ROADTEST
Perpetual Property Income Fund
Strongly performing Aussie property fund buying both listed and unlisted securities
Performance
According to Morningstar Research, it ranked second out of 183 domestic real estate investment options in the year to November 30 (with 11.39%, in its wholesale version). Strong over three years, too, at 15.8% a year – but plenty of others have done better still and on that timeframe it doesn’t make the top 25
Holdings
Just over half the fund (54.5%) goes into listed property, and 44.2% in direct property, with the remainder in other liquid assets. On the listed side, the top holdings (when last disclosed in September) are no surprise: Westfield Group, CFS Retail Property Trust, Mirvac Group, Mirvac REIT and Stockland. Unlisted holdings include funds backed by Australand, Mirvac, Goodman and Perpetual itself. When it comes to physical bricks and mortar, exposure includes the Morayfield SupaCentre and Mt Sheridan Plaza in Queensland and the Pender Place Shopping Centre in New South Wales.
Experience
Sean Murray heads the property team; he’s been in the industry 25 years and is well regarded.
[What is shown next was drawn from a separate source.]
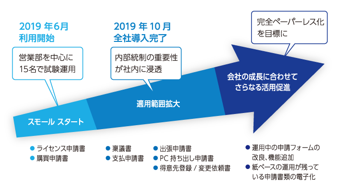 「当社では従来、紙の申請書・稟議書フォーマットを使って申請業務を行っていました。さらに、一部の申請・承認処理はメールやSNS、口頭で行われており、承認プロセスが明確でなく記録も残らないなど、内部統制の面で懸念もありました。新規株式上場(IPO)を目指す当社としては、これらの課題を解決して内部統制強化を図ることが急務でした」

Perpetual CIO Emilio Gonzalez overseas the property group, which also includes a direct property and mortgage team.
Fees
The wholesale version, with a minimum $50,000 investment, charges a 0.9% management fee and a buy/sell spread of 1% and 0.8% respectively. The fund is also available through the WealthFocus platform, in which case fees are 1.95% and the buy spread jumps to 2.2%.
Gripes
It’s getting harder and harder to generate good returns out of this asset class as Aussie property comes off the boil.
VERDICT
The balance between listed and unlisted property is smart diversification and returns have been good.